(TASK INPUT Opens)

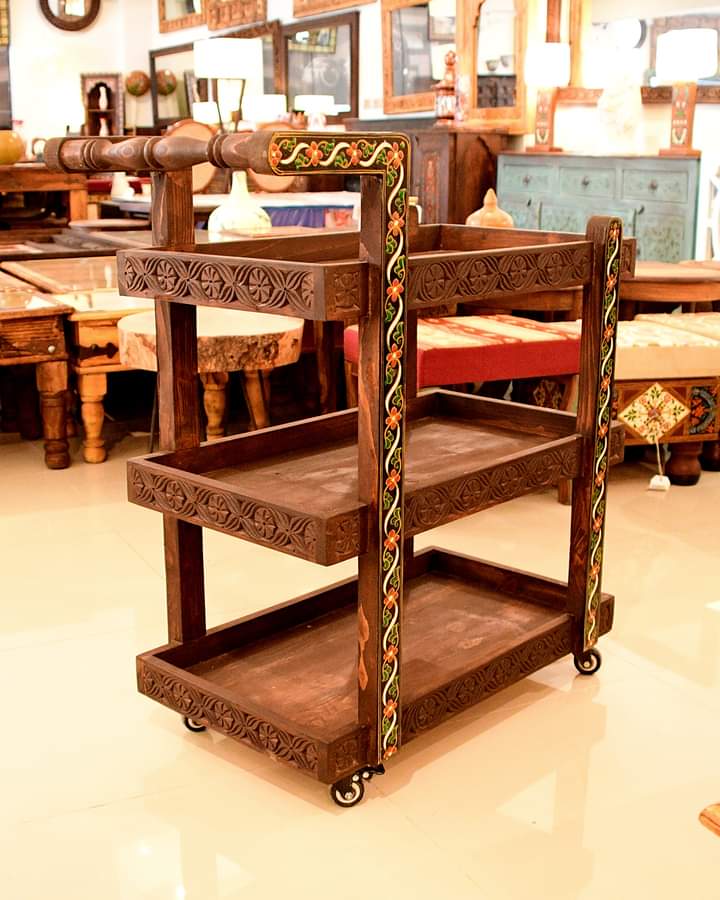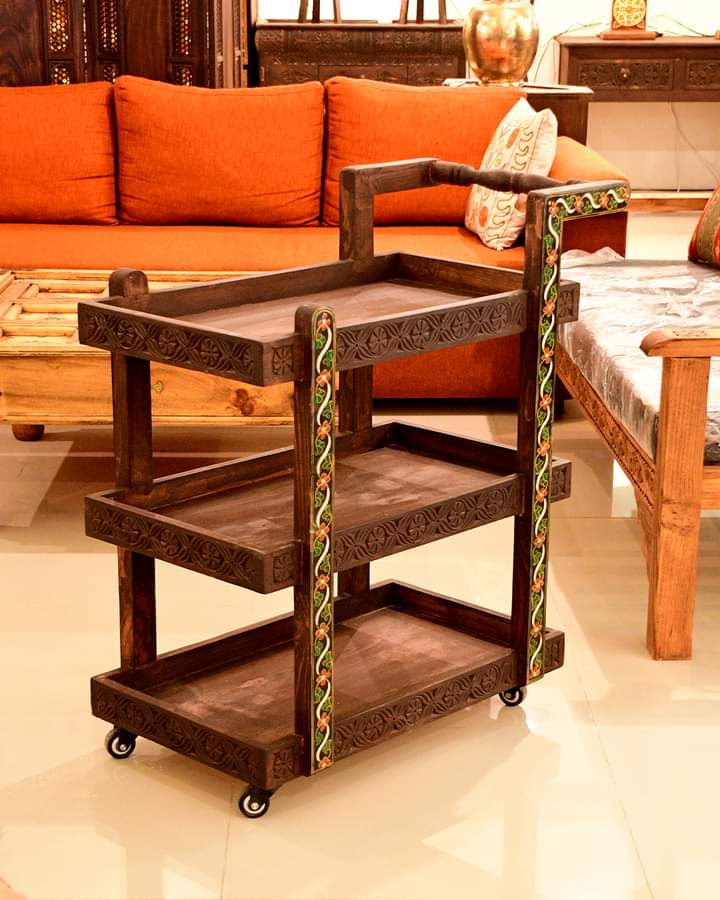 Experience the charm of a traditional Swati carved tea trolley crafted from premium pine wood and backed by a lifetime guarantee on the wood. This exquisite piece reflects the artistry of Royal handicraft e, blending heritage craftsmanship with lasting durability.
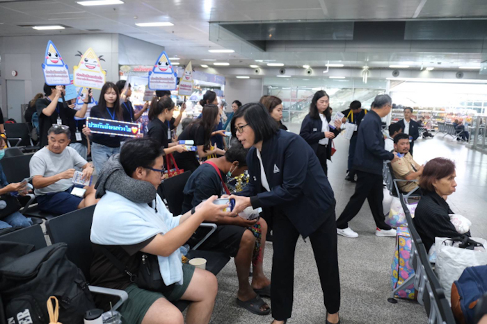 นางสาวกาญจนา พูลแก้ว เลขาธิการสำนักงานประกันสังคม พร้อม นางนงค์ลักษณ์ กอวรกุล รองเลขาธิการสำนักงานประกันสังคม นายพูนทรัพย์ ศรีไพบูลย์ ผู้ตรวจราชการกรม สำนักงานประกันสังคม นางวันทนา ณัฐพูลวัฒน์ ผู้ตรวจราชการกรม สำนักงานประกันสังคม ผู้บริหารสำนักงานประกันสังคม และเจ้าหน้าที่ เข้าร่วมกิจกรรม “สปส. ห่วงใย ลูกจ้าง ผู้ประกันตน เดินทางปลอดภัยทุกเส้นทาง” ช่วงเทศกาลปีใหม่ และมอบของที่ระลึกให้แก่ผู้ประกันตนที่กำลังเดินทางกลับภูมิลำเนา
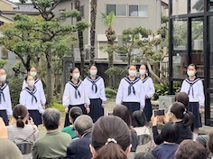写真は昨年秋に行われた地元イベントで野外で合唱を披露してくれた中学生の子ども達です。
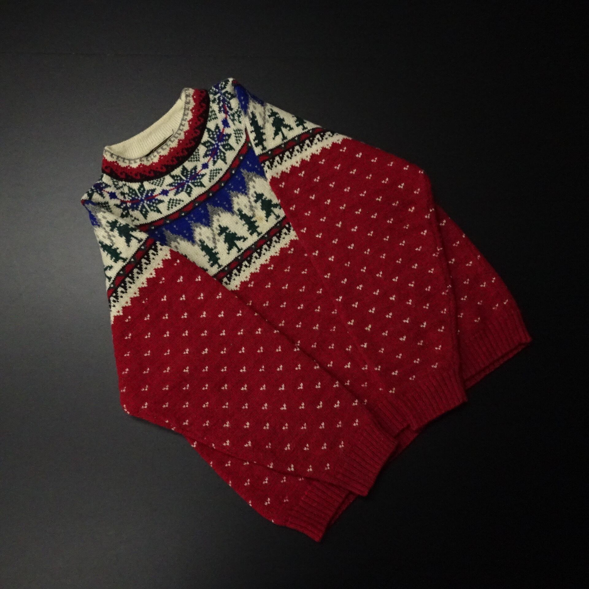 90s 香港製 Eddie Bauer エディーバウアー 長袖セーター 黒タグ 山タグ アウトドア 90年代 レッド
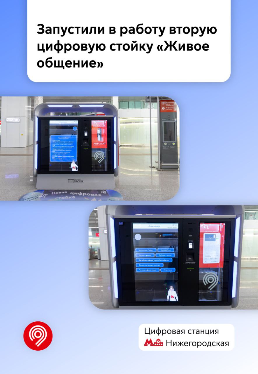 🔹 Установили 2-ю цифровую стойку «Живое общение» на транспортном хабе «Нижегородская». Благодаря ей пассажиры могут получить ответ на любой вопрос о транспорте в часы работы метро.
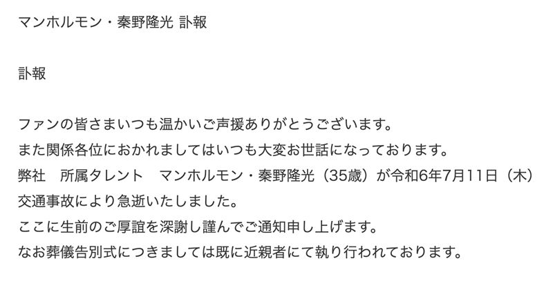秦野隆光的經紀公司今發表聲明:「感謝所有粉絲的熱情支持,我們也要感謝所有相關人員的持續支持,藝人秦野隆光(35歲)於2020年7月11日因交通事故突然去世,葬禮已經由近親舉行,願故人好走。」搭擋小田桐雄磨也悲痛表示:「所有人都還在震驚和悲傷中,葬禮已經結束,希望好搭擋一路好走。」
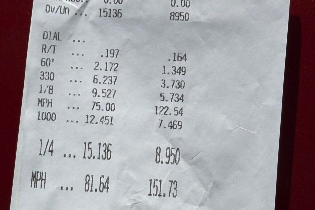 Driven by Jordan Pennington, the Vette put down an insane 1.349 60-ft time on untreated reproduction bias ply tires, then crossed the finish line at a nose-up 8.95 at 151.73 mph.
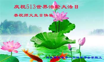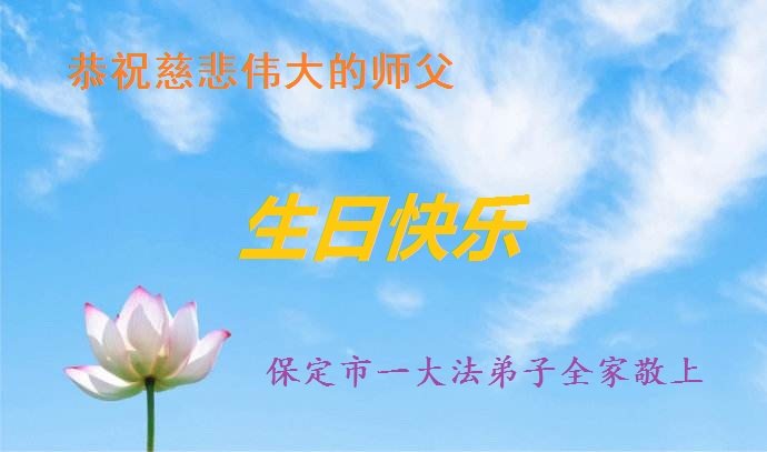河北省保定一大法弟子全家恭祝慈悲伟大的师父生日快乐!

(TASK INPUT Closes)

TO DO ▸
If a picture falls within the lines from the one containing "90s 香港製 Eddie" through the end of the material, leave it out while repeating those lines exactly.

ANSWER TO THIS TASK ▸
 90s 香港製 Eddie Bauer エディーバウアー 長袖セーター 黒タグ 山タグ アウトドア 90年代 レッド
 🔹 Установили 2-ю цифровую стойку «Живое общение» на транспортном хабе «Нижегородская». Благодаря ей пассажиры могут получить ответ на любой вопрос о транспорте в часы работы метро.
秦野隆光的經紀公司今發表聲明:「感謝所有粉絲的熱情支持,我們也要感謝所有相關人員的持續支持,藝人秦野隆光(35歲)於2020年7月11日因交通事故突然去世,葬禮已經由近親舉行,願故人好走。」搭擋小田桐雄磨也悲痛表示:「所有人都還在震驚和悲傷中,葬禮已經結束,希望好搭擋一路好走。」
 Driven by Jordan Pennington, the Vette put down an insane 1.349 60-ft time on untreated reproduction bias ply tires, then crossed the finish line at a nose-up 8.95 at 151.73 mph.
河北省保定一大法弟子全家恭祝慈悲伟大的师父生日快乐!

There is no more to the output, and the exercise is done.